How to handle very big enumerables in comprehensions?

For a school assignment, I need to esentially brute-force check every possible solution for a puzzle. This is acceptable, as the task is meant to teach us about prefiltering and optimizing. I have done both of those as best as I could, and now my code will run out of memory for longer puzzles where the number of possible solutions can range from a couple hundred-thousand to a few millions.

# From a list of sublists, generate all possible permutations, using one element from each sublist
def perms_from_lists([]), do: []
def perms_from_lists(list) do
    Enum.reduce(list, fn sublist, acc ->
      for a <- acc, b <- sublist do
        [b | List.wrap(a)]

def solutions(puzzle) do
    # This would generate a lot of solutions, possibly (for longer puzzles) in the millions,
    # depending on how effective is my prefiltering on the given puzzle
    Enum.filter((for x <- perms_from_lists(transform_and_prefilter(puzzle)),
      do: if sol_okay?(puzzle, x), do: x), fn x -> x != nil end)

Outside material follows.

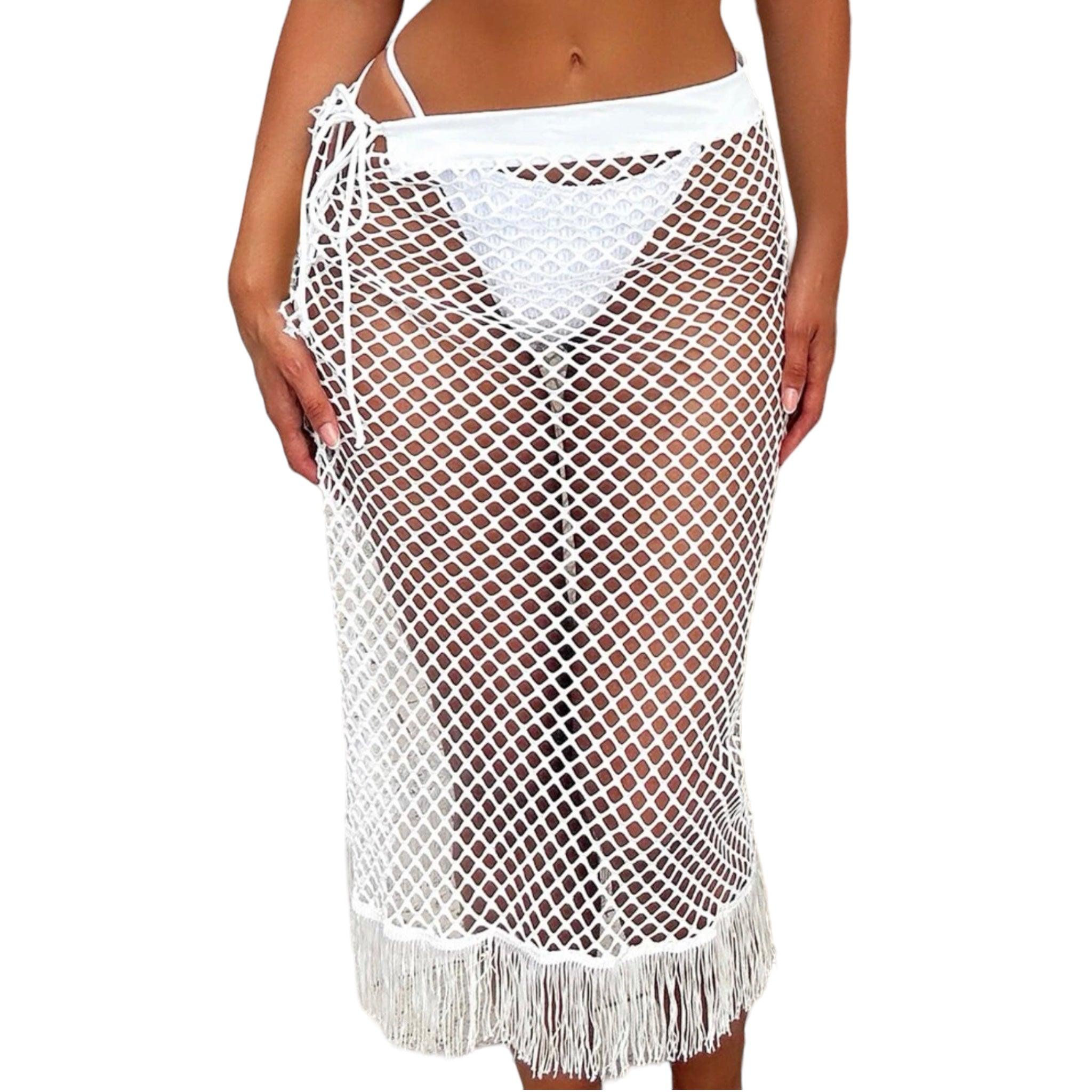The cover-up features a chic hollow-out design that adds a touch of elegance to your beach attire. The trendy fringe and knot details enhance its visual appeal, making it a perfect choice for those who want to stand out by the pool or on the beach. The sheer fabric allows for a glimpse of your swimwear underneath, creating a playful yet sophisticated look.

I’m guessing the problem may be that my program wants to store every value given by perms_from_lists() in the memory, but how do I prevent this?

Or maybe perms_from_lists() performs poorly for such large operations?

I have heard about Streams but haven’t used them, could this be possibly solved by them?


I’d suggest benchmarking different methods until you find one that works. You can use Benchee for that.

You might like to avoid putting the entire function on one long line. If you give things names and keep each line relatively short it is easier to read.

Did you by chance read the documentation for Stream? At the top or explains how to swap from Enum to Stream.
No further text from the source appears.